Yes it makes sense thank you. What about the sticky cookie which is required for me to ensure each request is routed to right service ?

I missed to add the sticky configuration in the example, as explained in https://doc.traefik.io/traefik/routing/providers/kubernetes-crd/#stickiness-and-load-balancing it is possible to configure the stickiness at the WRR level.

kevinpollet avatar Mar 27 '24 08:03 kevinpollet

Hello @kevinpollet Thanks for everything. I've updated the PR. Could you please have a look ?

Thanks.

marcmognol avatar Mar 28 '24 18:03 marcmognol

Hello @marcmognol, did I miss something, the code is still adding the health check configuration for all services? (https://github.com/traefik/traefik/pull/10467/files#diff-7d5c919304c65587ab6f978e73008d6d268e9bbb6db829eadf8d72f4f492e28fR306)

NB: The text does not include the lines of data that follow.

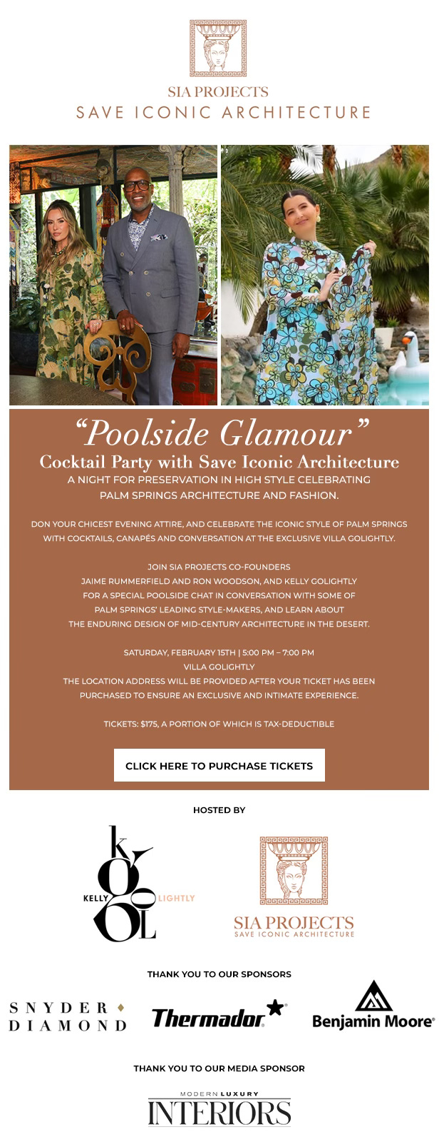 February 15 at the SIA Projects Poolside Glamour cocktail party at Villa Golightly. Note: the brand new Modern Luxury Interiors brand logo on the invitation below.
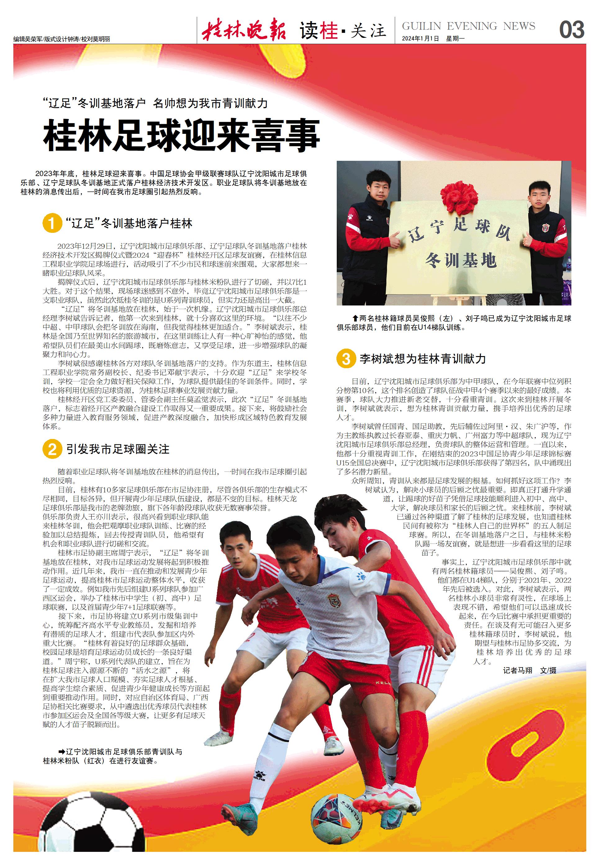 2023年年底,桂林足球迎来喜事。中国足球协会甲级联赛球队辽宁沈阳城市足球俱乐部、辽宁足球队冬训基地正式落户桂林经济技术开发区。职业足球队将冬训基地放在桂林的消息传出后,一时间在我市足球圈引起热烈反响。
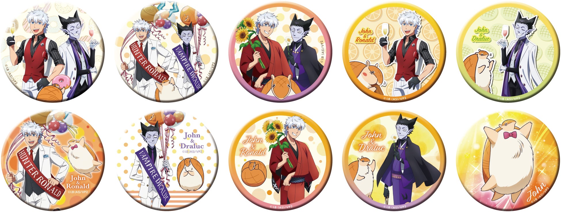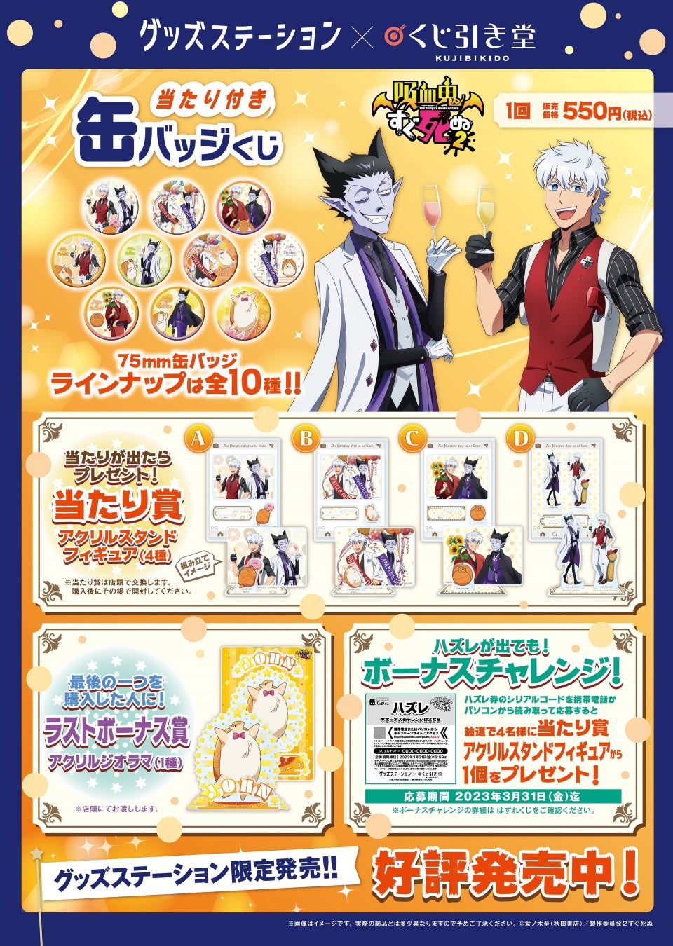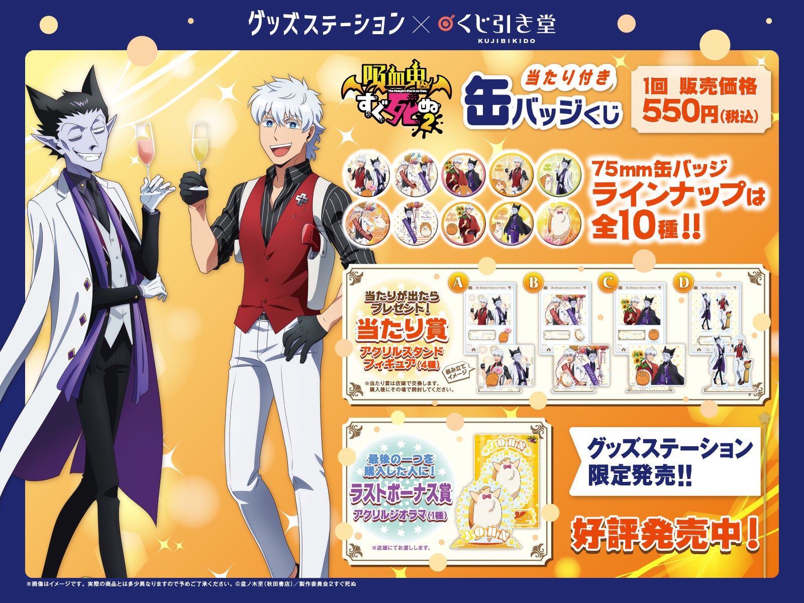グッズステーションで、TVアニメ「吸血鬼すぐ死ぬ2」のロナルドやドラルクの描き下ろしイラストを使用したオリジナル缶バッジを購入頂き、当たり券を引いた方にはアクリルスタンドフィギュアをプレゼント!また、ラスト1個を引いた方にはラストボーナス賞として、アクリルジオラマをプレゼントいたします。
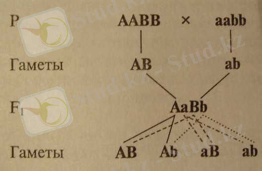 Бірінші ұрпақ будандары фенотип бойынша да, генотип бойынша да біркелкі. Олар төрт түрлі үлгідегі гаметалар құрайды - АВ, Ab, aB, ab
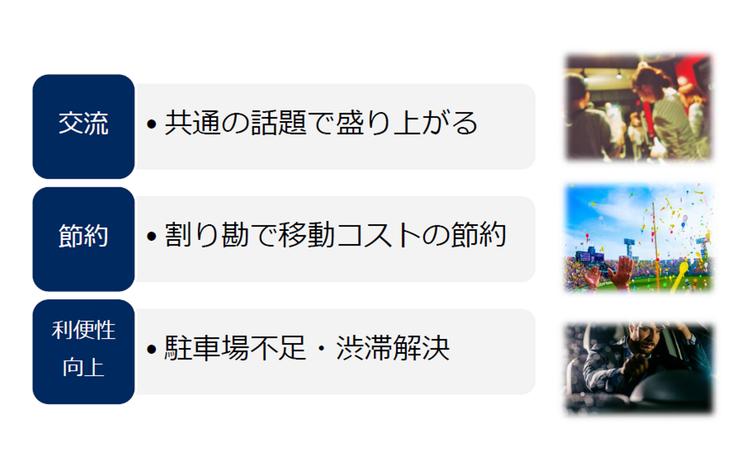 もうひとつはカープール(相乗り)型のライドシェアです。配車型がタクシーなら、こちらはヒッチハイクのイメージです。
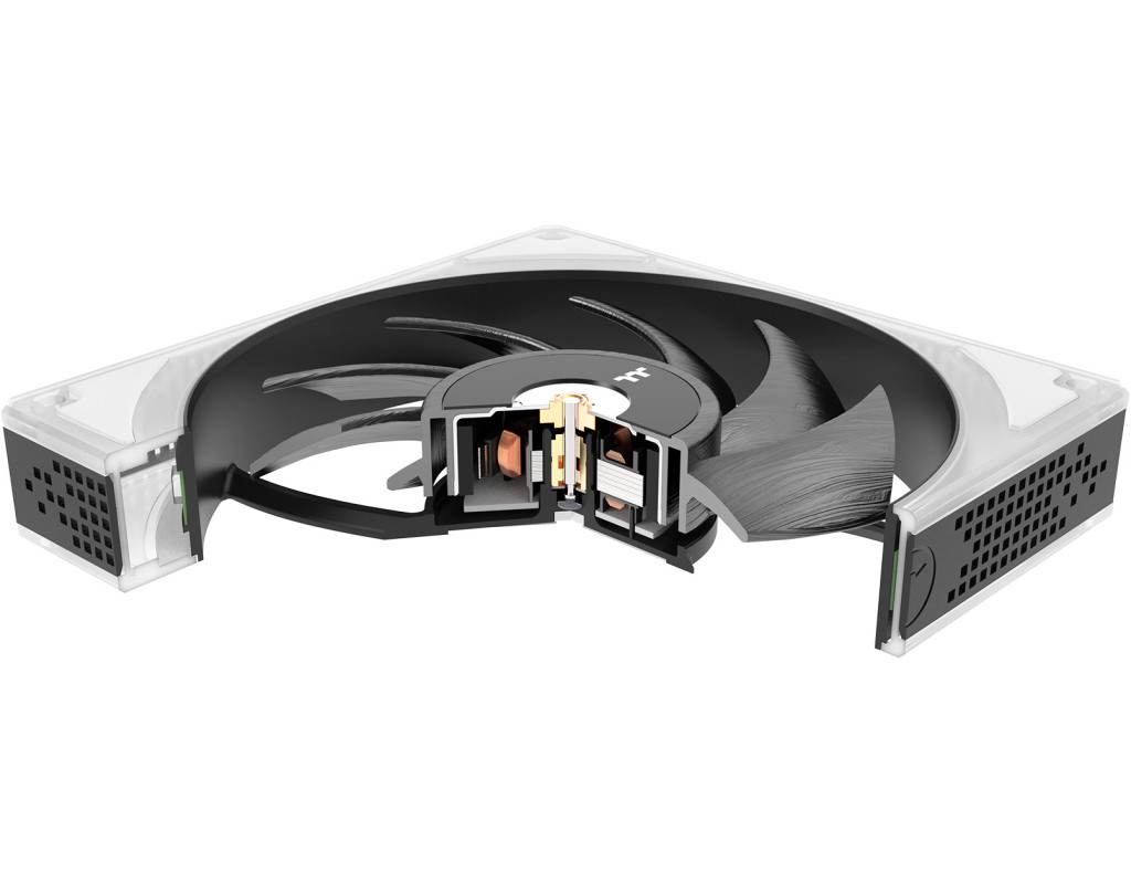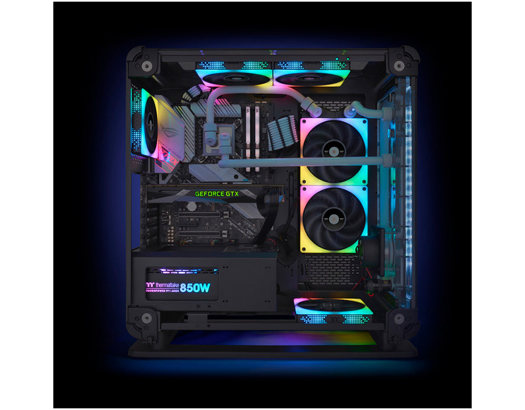 Thermaltake Toughfan 12 RGB — яскравий та компактний кулер для корпусу. Він покликаний видувати гаряче повітря, тим самим охолоджуючи внутрішні компоненти ПК. Виріб дуже тихий, оскільки оснащений прогумованими вставками, які не дають вентилятору вібрувати під час активної роботи. Швидкість обертання змінюється від 500 до 2000 об/хв. Вентилятор має широкі лопаті, які захоплюють велику кількість гарячого повітря. Виготовлений кулер зі зносостійкого пластику. Кулер має унікальне рівномірне підсвічування рамки яке забезпечують 24 адресних світлодіоди, які здатні видавати палітру 16.8 млн. кольорів. Toughfan 12 RGB додає більше індивідуальності до серії Toughfan і надає більше можливостей для персоналізації вашої збірки. Завдяки ШІМ управлінню, швидкість обертання лопатей буде змінюватися в залежності від завантаженості комп'ютера. |
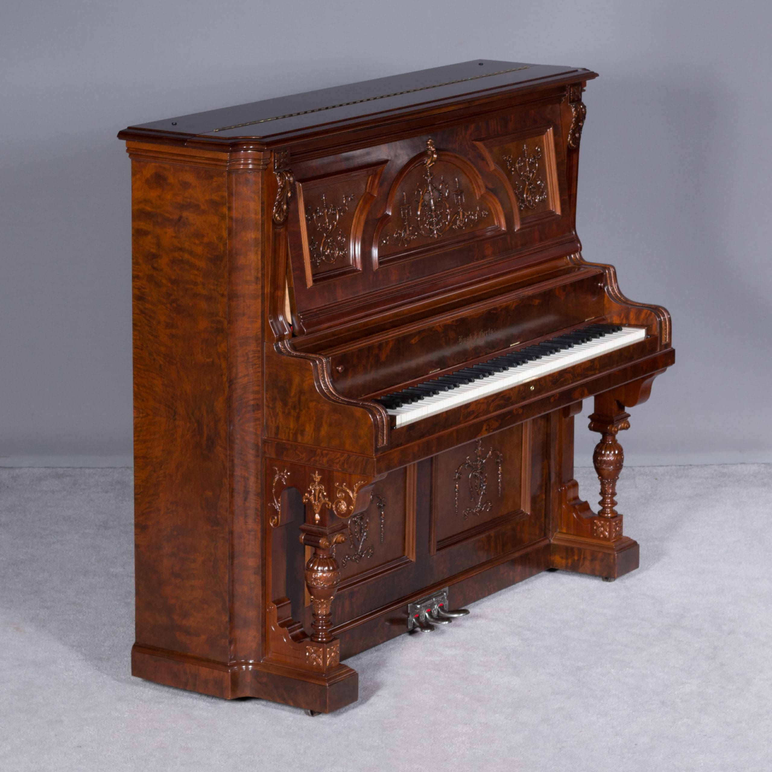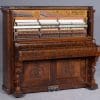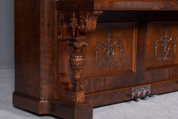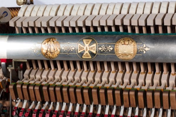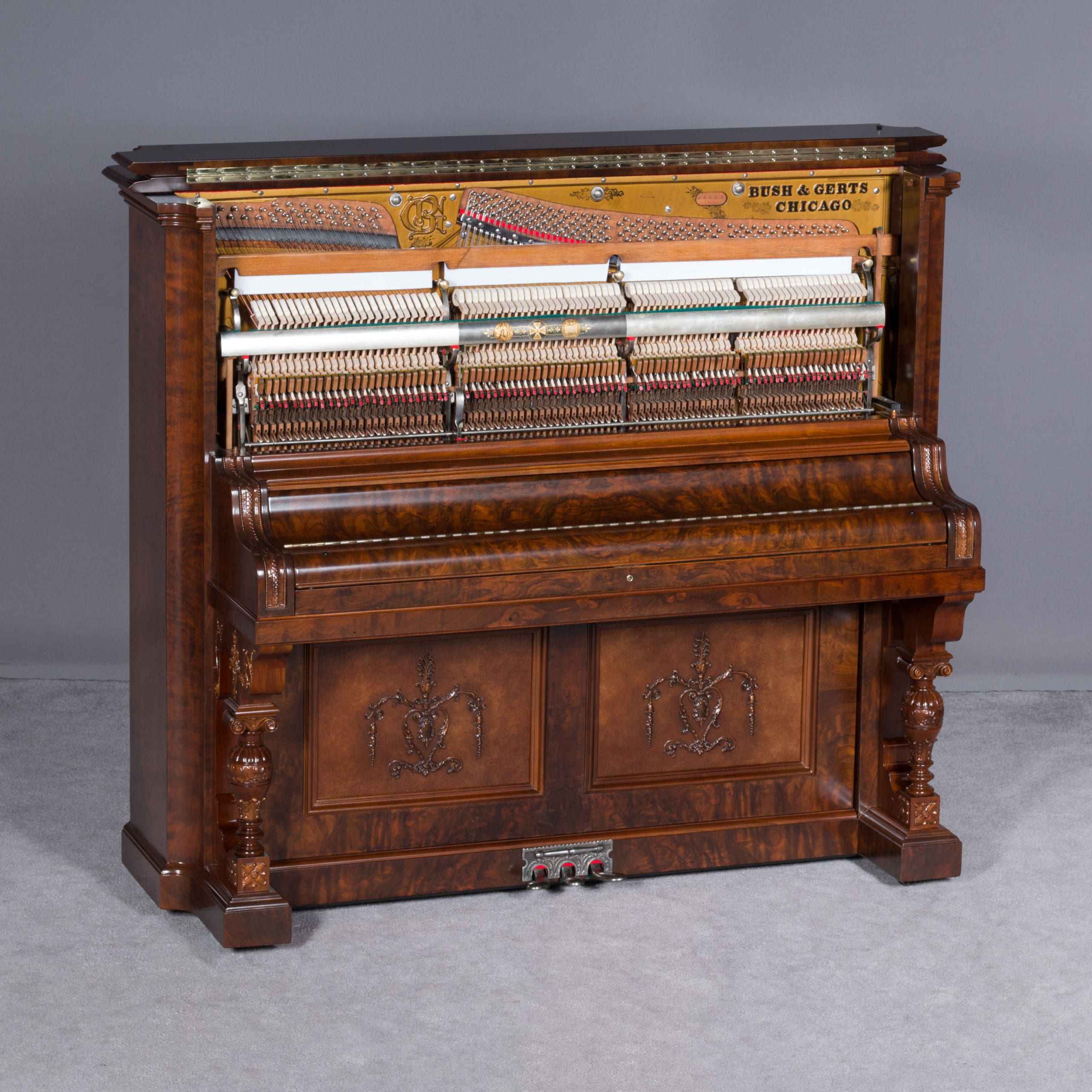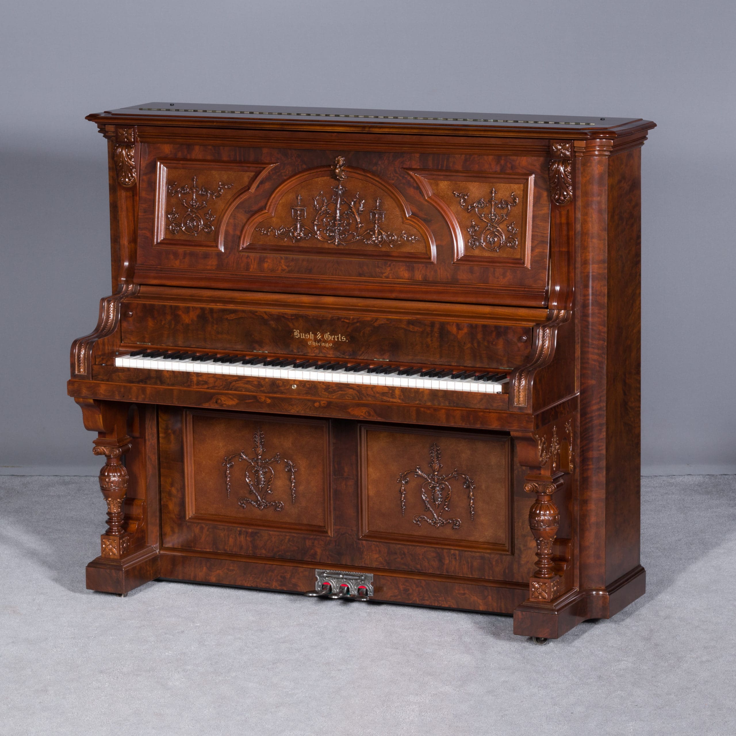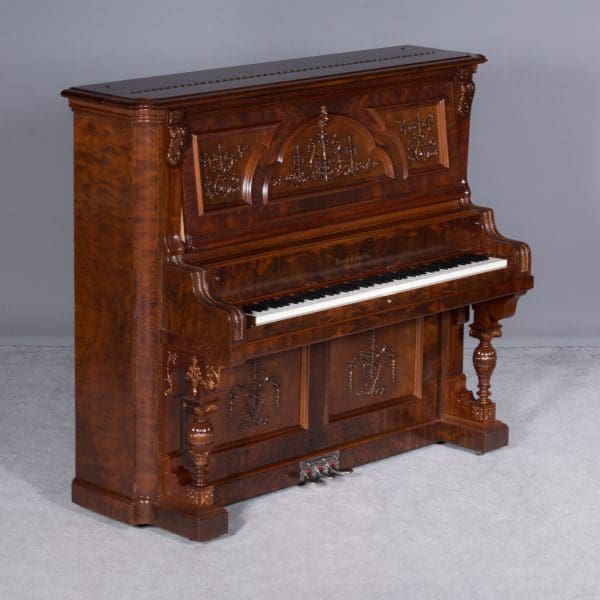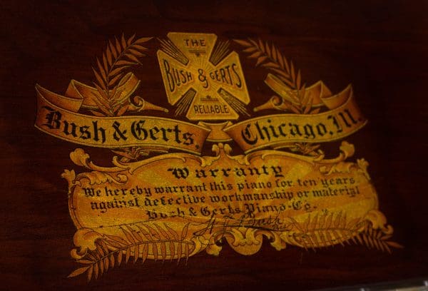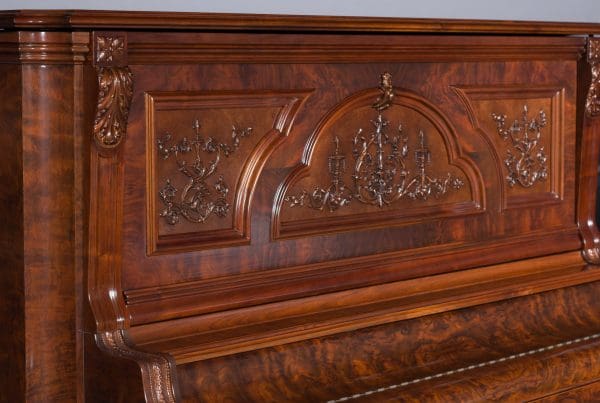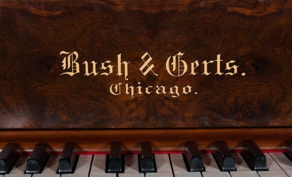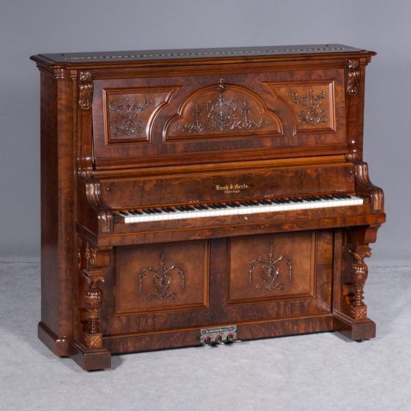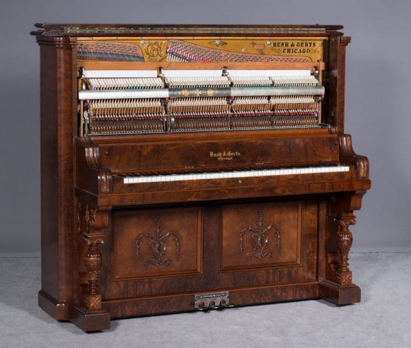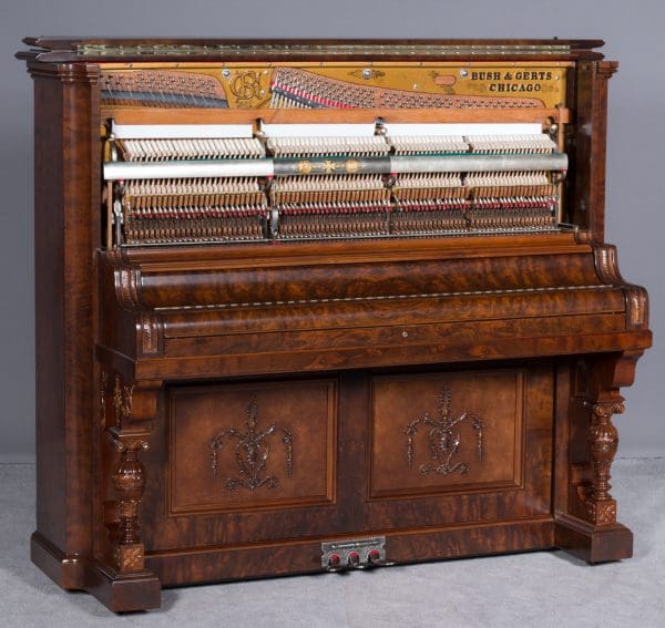 This beautiful piano was built by the prominent Bush & Gerts Piano Company of Chicago in 1902. Bush & Gerts built very expensive, high quality pianos from 1885 until 1942. This piano is one of the most elaborate upright piano models built by Bush & Gerts – it was considered the highest grade and would have been very expensive when new. Pianos like this would have cost the equivalent of a small house of the era! It boasts beautifully carved inset panels and elaborate moldings around the case, all made in the finest mottled burl walnut wood. The tone quality of this piano is tremendous, which isn’t surprising for a Bush & Gerts instrument. An original matching stool is included. This piano can be fitted with a computerized player mechanism if desired.
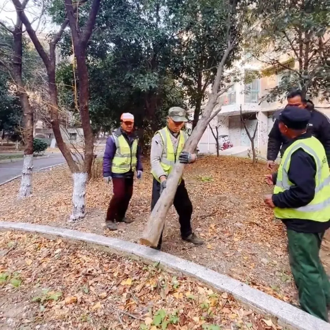 此前,园区内部分树木因枯萎出现枝干腐朽、根系松动的情况,随时可能发生枯枝掉落、树木倒伏的问题,对过往行人和车辆构成极大威胁。为高效且安全地完成清理任务,物业提前发布通知提醒业主绕行作业区域,同时组织专业施工团队,配备专业工具进场操作。工作人员严格按照安全作业规范,依次开展枯枝修剪、枯树锯断、枝干清运及树桩清理等工序,全程做好安全防护与现场秩序维护,确保清理工作高效、安全推进。

kevinpollet avatar Mar 29 '24 08:03 kevinpollet

Hello @kevinpollet You're right, I've added a check (+ unit test) when service type is not ExternalName and HealthCheck is defined. Am I in the right direction ?

Thanks

marcmognol avatar Mar 31 '24 19:03 marcmognol

@kevinpollet I rebased my branch and now tests are failing. Could you please tell me if I am in the right direction before fixing my code to fit new unit tests ?

Thanks

marcmognol avatar Apr 07 '24 16:04 marcmognol

Hello @marcmognol,

Sorry for the late answer, you are in the right direction, I added some suggestions. Thanks for the work.

kevinpollet avatar Apr 22 '24 14:04 kevinpollet

Hi @kevinpollet

Thanks for your feedback. Feel free to tell me if I can do more for this PR.

Marc

marcmognol avatar Apr 22 '24 18:04 marcmognol

Hi @marcmognol,

Last thing, could you add some documentation in the following section https://doc.traefik.io/traefik/routing/providers/kubernetes-crd/#kind-ingressroute?

Could you also rebase the pull request to fix the CI?

kevinpollet avatar Apr 23 '24 07:04 kevinpollet

@kevinpollet

Thanks for your comment. I've rebased the PR, but during this process I've made some mistakes, so I had to force push... Sorry. I also added some documentation as requested.

Marc

marcmognol avatar Apr 23 '24 12:04 marcmognol